What does native function calling mean in this context? nvm i found the answer in the video
Number of tokens is way too little compared to other models in top 5. But I am very happy that there is a non American solution available.
Do you think that was deliberate economising for training or inference?
@@dansplain2393 they don't have the resources of those giants so somethijg had to give.

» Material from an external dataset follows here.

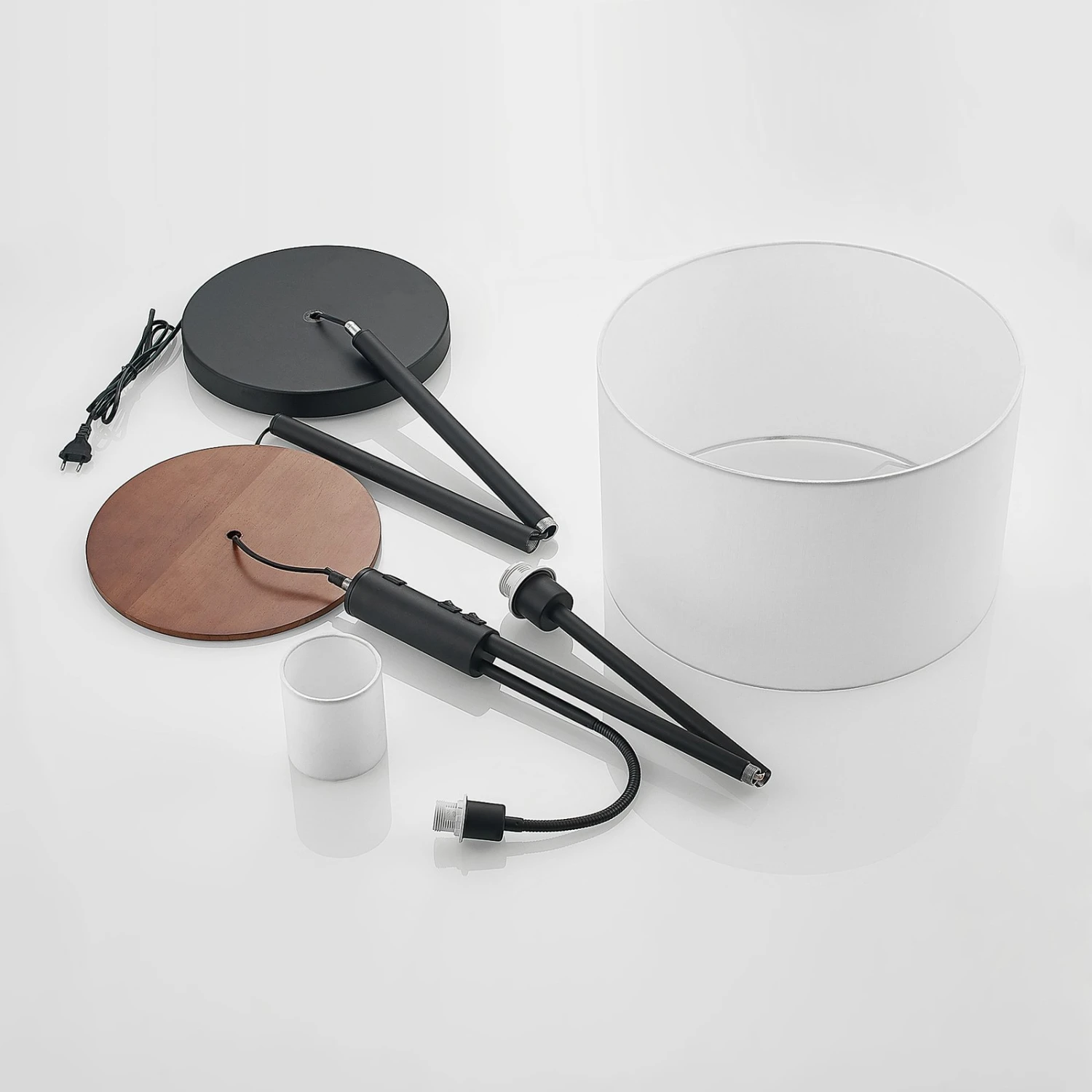 La lampe possède une surface de rangement intégrée sous la forme d’une plaque de bois ronde et un port USB. Elle peut ainsi également être utilisée comme station de recharge pour smartphones et autres appareils. Les deux sources lumineuses servent d’éclairage de base et également de lampe de lecture pratique. Aovan est un excellent complément pour les espaces de vie modernes et classiques.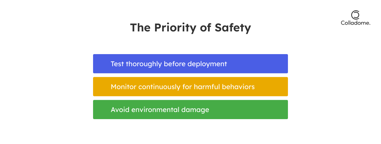 - Lastly, safety—AI should not cause harm. Whether it’s in the form of physical harm (think self-driving cars) or environmental impact, ensuring AI doesn’t hurt anyone is a top priority.

@@dansplain2393 I'm inclined to think they made it leaner for stronger reasoning cohesion and tighter parameters on inferences to prevent many of the previous shortcomings that would occur in aspects of hallucination. I'm willing to bet they've restructured their tokens, associations, again and are potentially using a larger recursion loop. Giving it the ability to stimulate "thinking about thinking" is the way to approach human level context awareness. Anthropic is already utilizing an aspect of this, but doesn't currently seem to be at this level in Mistral. I think you're spot on.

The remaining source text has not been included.